* _Work request_: Using the data that follows, give again word for word the lines between the one holding "Thai river that" and the one holding "Bandiera americana in", inclusive. Omit the pictures.

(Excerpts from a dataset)
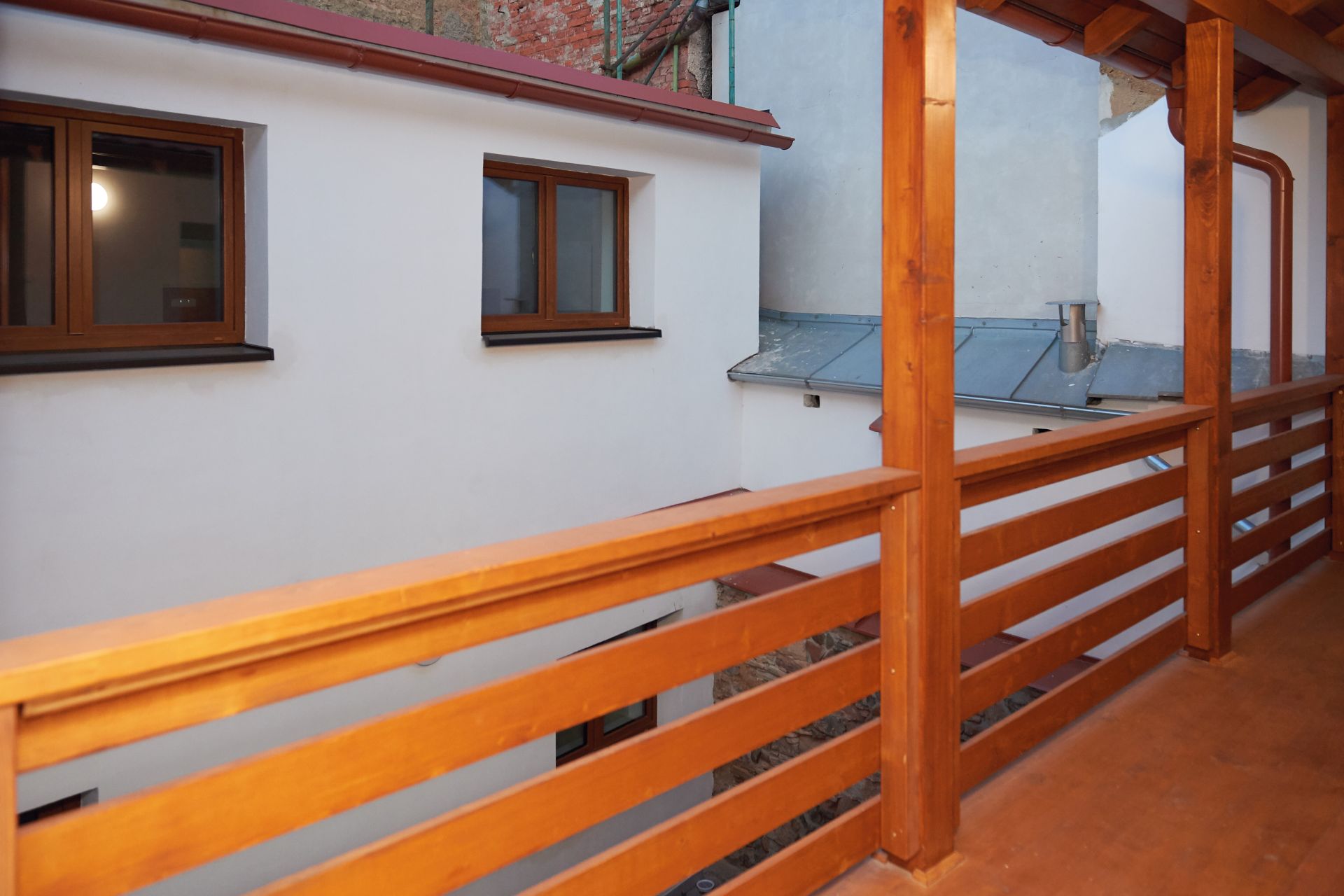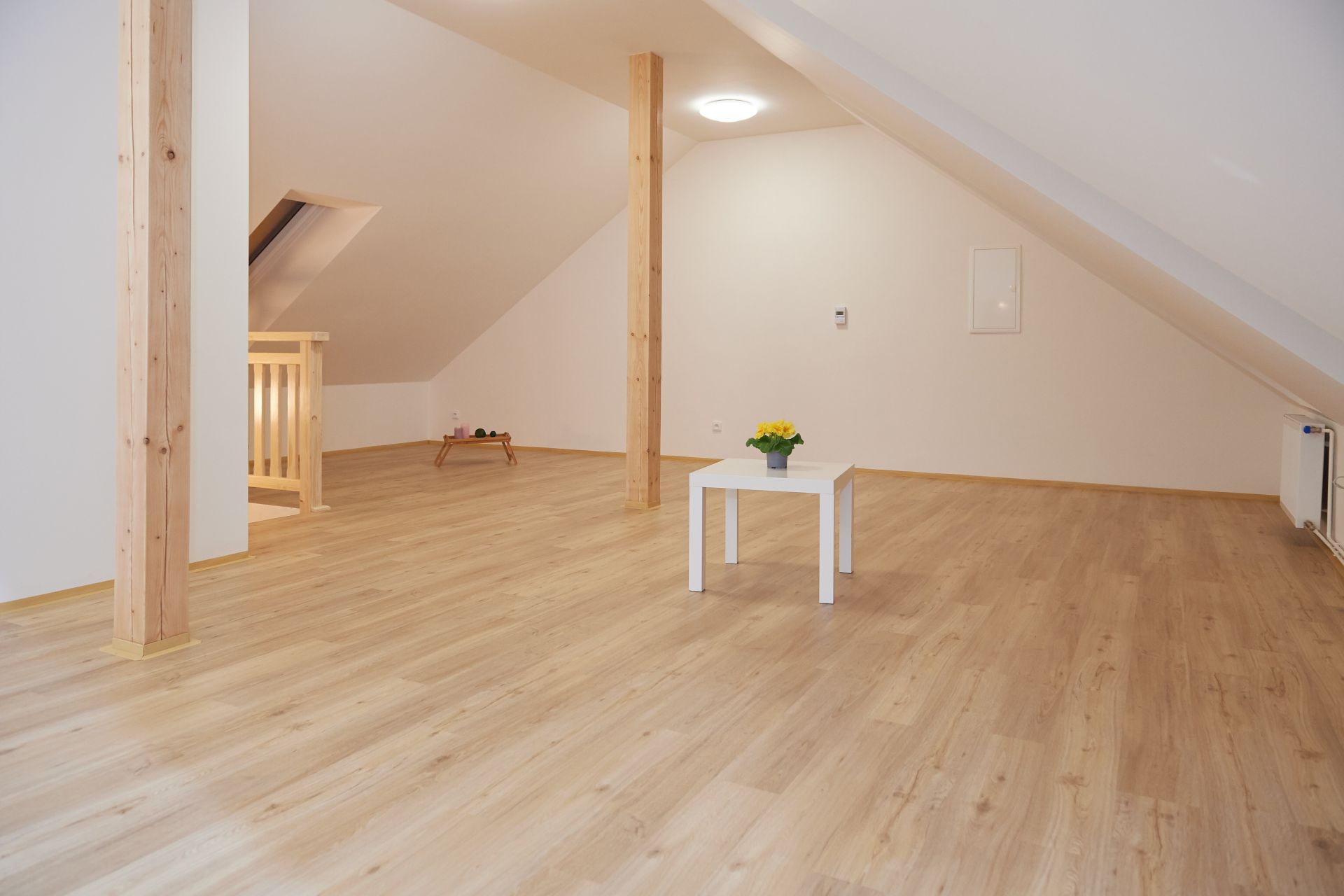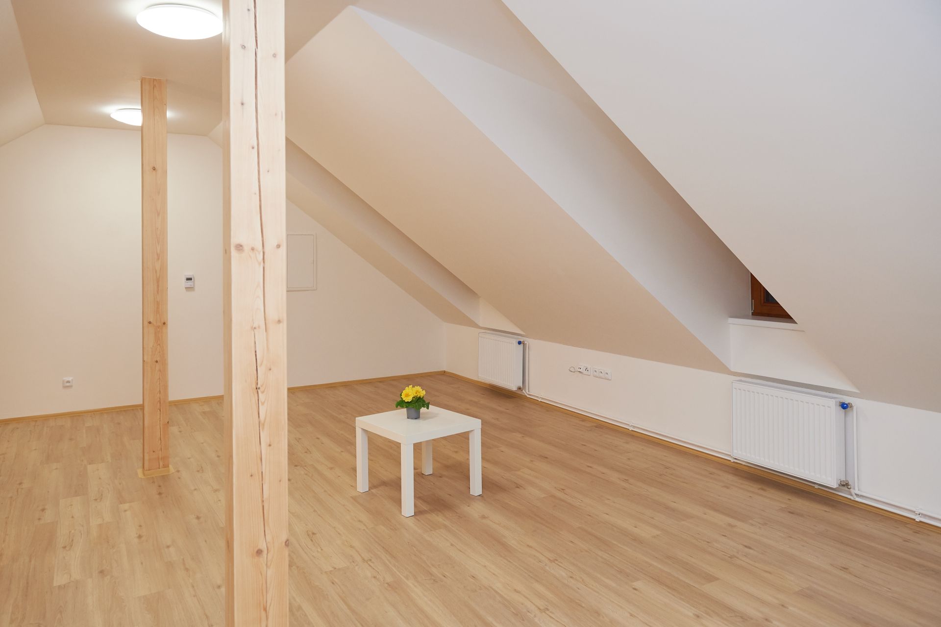 Atelier o dispozici 1+kk nadstandardní velikosti 57 m2 se nachází v podkroví dvoupatrového rodinného domu a vstupuje se do něj z pavlače o výměře téměř 7 m2.
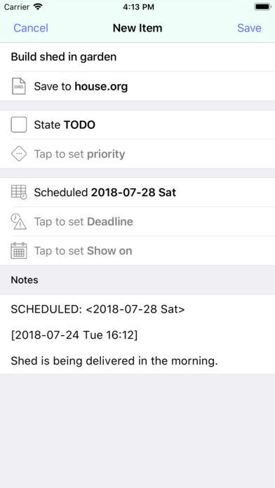 + QUICK CAPTURE: Add to your quick capture document from other apps or in beorg. The beorg share extension can quickly add text and links to your inbox.
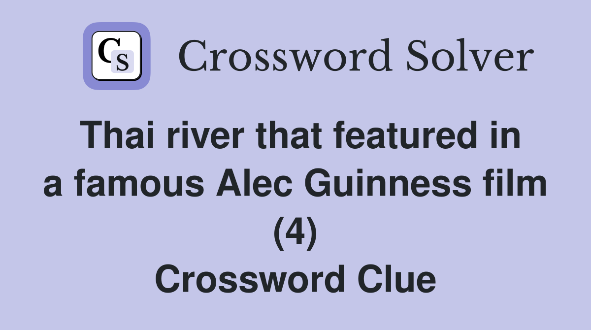 Thai river that featured in a famous Alec Guinness film (4) Crossword
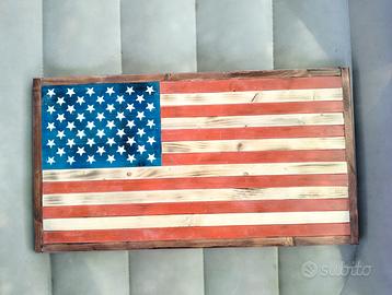Bandiera americana in legno riciclato rustica, perfetta per arredare casa o per essere regalata ad un appassionato degli USA, dimensioni approx 35x65x2cm.
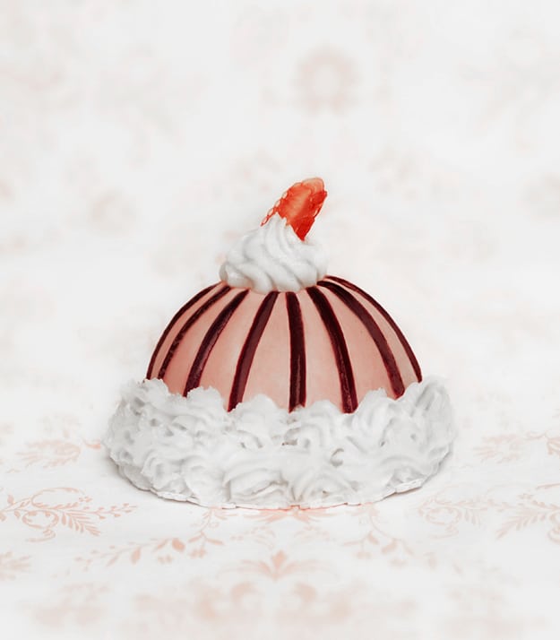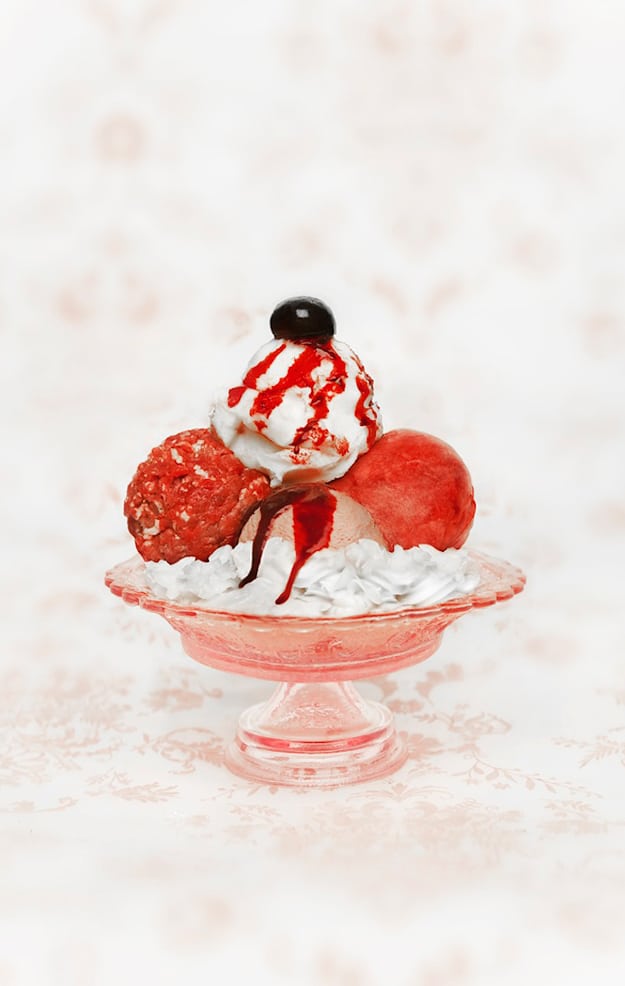 Jamine Schuller created these unusual designs, and her inspiration was an experience she had with her former vegan roommate who created a turkey out of Tofu. These desserts, part of a collection called Sweet Meat, are made from a raw pig’s heart, minced meat and animal fat. *gag* She used two liters of blood (looks like chocolate sauce), a bunch of grease and 5 kilos of raw meat. The cherry on top of the ice cream sundae is the pig’s heart.
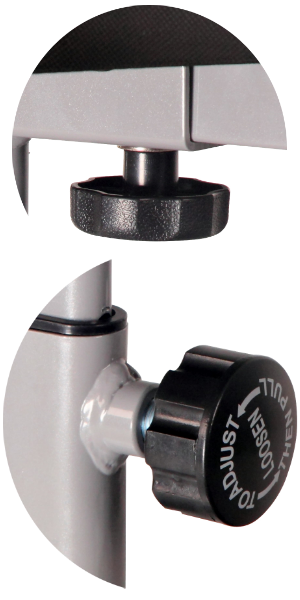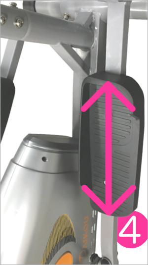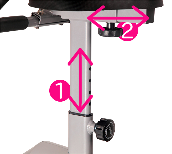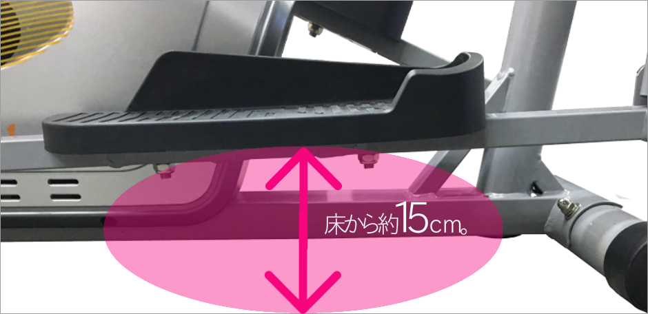 4か所のポジション調整で様々な体格の方やトレーニングポジションに対応。適応身長は 約150-180cm。トレーニング効果も広がります。マシンのボディと支柱との間に適度な空間があり、ステップも約15cmの高さまで下がるので、女性やお年寄りの方でも跨ぎやすく安心してご利用いただけます。
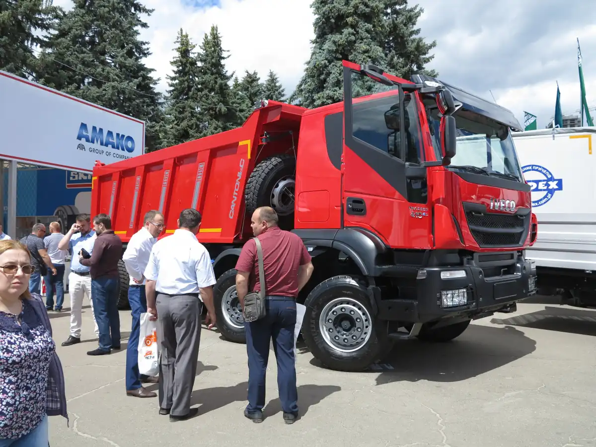 На стенде АМАКО привлекал внимания и ярко-красный самосвал IVECO Trakker с колесной формулой 8х4. Машина была представлена с кузовом известного итальянского производителя Cantoni.
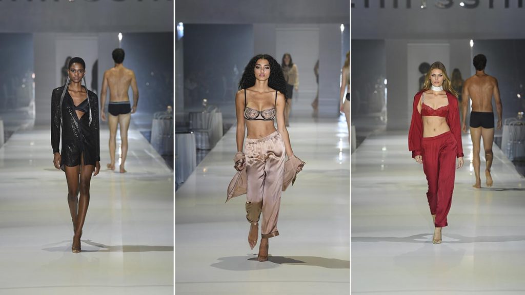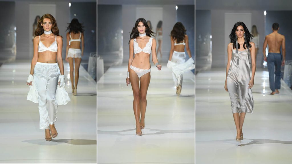 No palco, a coleção de lingerie outono/inverno 2019-20 deslizou pela passarela: sutiãs triangulares e calcinhas francesas em renda, sutiãs balconette floridos ton sur ton com calcinhas em harmonia, sutiãs bandeau e bodysuits em renda, e novos tops de sutiã em couro stretch. E depois há as estampas: leopardo e píton em tule, xadrez, e polka dots. Para a noite, veludo dévoré com franja em coquete, renda dentelle estilo boudoir e pontos de ouro embelezam a lingerie.

* _Reply_:
 Thai river that featured in a famous Alec Guinness film (4) Crossword
Bandiera americana in legno riciclato rustica, perfetta per arredare casa o per essere regalata ad un appassionato degli USA, dimensioni approx 35x65x2cm.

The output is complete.